A child’s first communion is a very special day in their life, a day that will be remembered 60 or 70 years hence. First Communion is a Right of Passage ceremony into the Catholic Church, where children make their own commitment to Christ.
The seven year old children have to attend liturgy lessons for about ten weeks each Saturday. Sometimes these may be given by a priest. More often, they are led by a nun or a lay person. Gone are the days of ritualistic learning of bible passages. Lessons include video and computer presentations to the children.
The day is important to the Church because this is the day when a child begins to understand about Christ, and his sacrifice He made for us all. At a child’s First Communion he or she will take the Sacrament for the first time. This is a very important day in the life of any Christian.
Parents want to make the day as special as possible. There is, undoubtedly a social side to the day, with parents making favourable comments on their friends children, while all the time, thinking that their own child outshines all the others.
Girls always wear white first communion dresses with a veil. The dress may be specially made by a seamstress specializing in these dresses, or it may be purchased from a shop or store that has a range of first communion dresses on display. The individually designed option is gaining popularity because of the unique nature of the dress created.

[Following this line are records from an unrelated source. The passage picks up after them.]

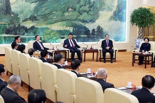 2015年2月11日,习近平、俞正声、张高丽等在北京人民大会堂同党外人士欢聚一堂,共迎新春。新华社记者 姚大伟摄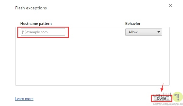 بعد در فیلد Hostname pattern آدرس سایت مورد نظر خود را تایپ کنید. روی Done کلیک کنید تا تغییرات ذخیره شود. حالا صفحه وب مورد نظر خود را رفرش کنید و تغییرات را مشاهده کنید.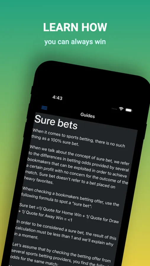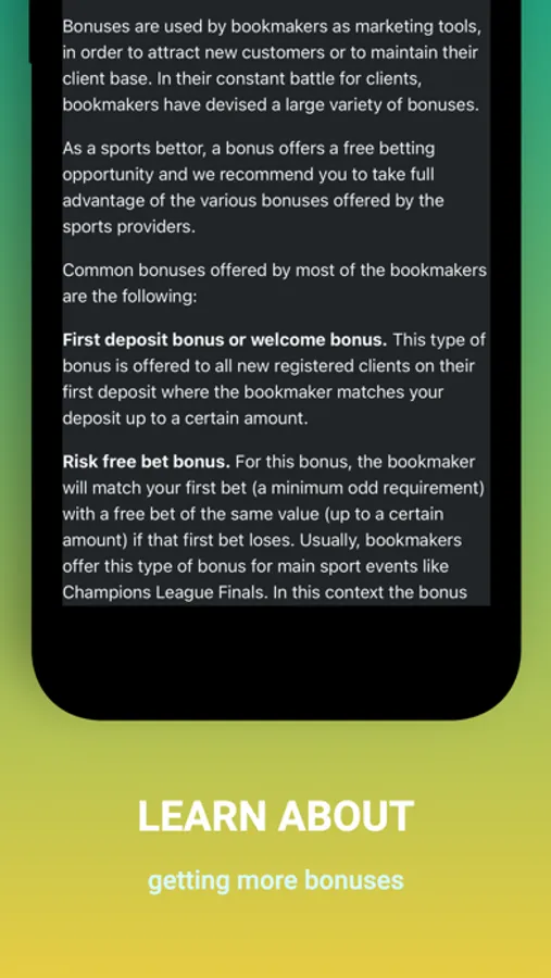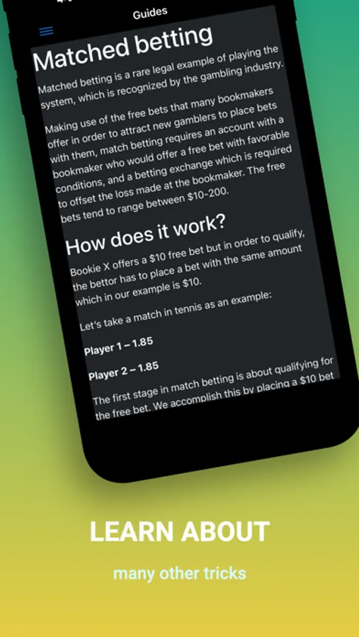 In addition to tips, this application also contains some guides for beginners in e-sports: money management, arbitrage betting, bonus management.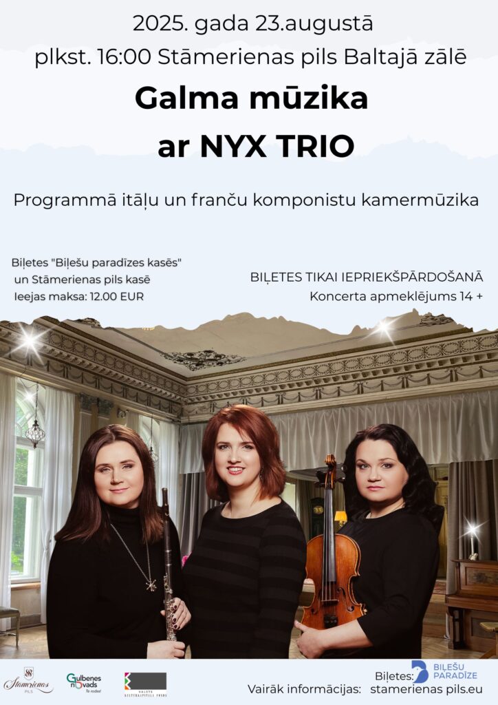 KONKURSS: Stāmerienas pilī - "Nyx Trio" koncerts "Galma mūzika"

Boys first communion clothes normally consist of smart trousers, white shirt and perhaps a jacket or waistcoat. These are normally bought from children’s clothing retailers rather than being individually tailored.
The important thing is to plan ahead. Order or buy the clothes you need in plenty of time. You do not want to be reduced to a choice of two outfits, neither of which actually fits.
After the ceremony in the church there may be family celebrations in the parents’ or grandparents’ home. Sometimes the parents hire a room in a bar or hotel. It is traditional for the child to be given money by everyone he or she meets. Those who cannot attend are visited by the child and parents with photos and video clips.